Verbatim copy without images: return all of the data as it stands.

*** Opening THE DATA ***

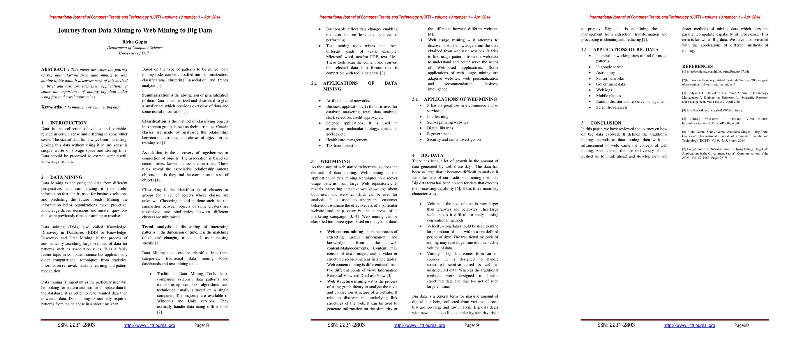 The research describes the journey of big data from data mining to web mining to big data, discussing each method in brief and providing their applications.
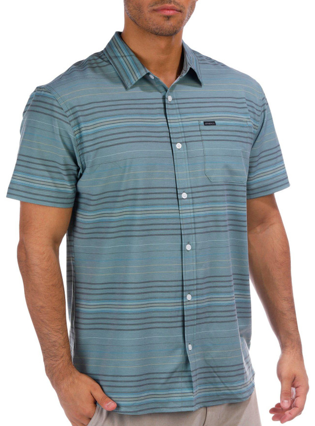 Stay sharp and sun-ready in the Men's Traverse Stripe Button Down Shirt. Made from a performance blend of polyester, cotton, and elastane, it features a striped print, button-down front, collared neckline, short sleeves, and a chest slip pocket. With UPF 50+ sun protection, stretch, and moisture-wicking fabric, its built for comfort and style on the move.
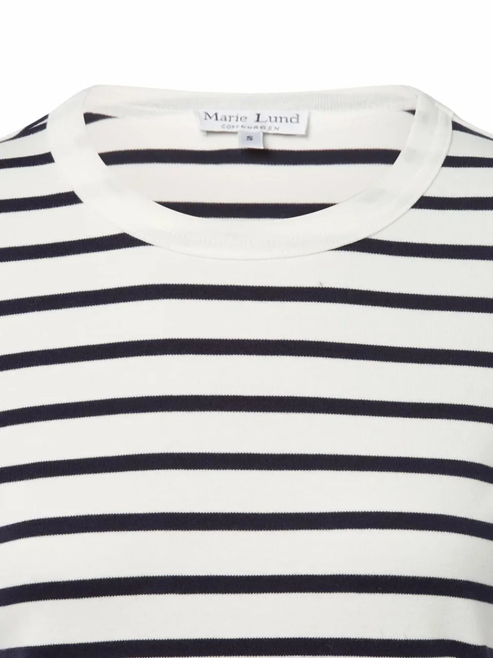 Das Longsleeve von Marie Lund aus weichem Baumwoll-Jersey und mit zeitlosem Muster gehört zu den Styles, die sich mühelos zu vielen Freizeit-Looks kombinieren lässt.

*** Closing THE DATA ***

» **SOLUTION TO THIS EXERCISE**
 The research describes the journey of big data from data mining to web mining to big data, discussing each method in brief and providing their applications.
 Stay sharp and sun-ready in the Men's Traverse Stripe Button Down Shirt. Made from a performance blend of polyester, cotton, and elastane, it features a striped print, button-down front, collared neckline, short sleeves, and a chest slip pocket. With UPF 50+ sun protection, stretch, and moisture-wicking fabric, its built for comfort and style on the move.
 Das Longsleeve von Marie Lund aus weichem Baumwoll-Jersey und mit zeitlosem Muster gehört zu den Styles, die sich mühelos zu vielen Freizeit-Looks kombinieren lässt.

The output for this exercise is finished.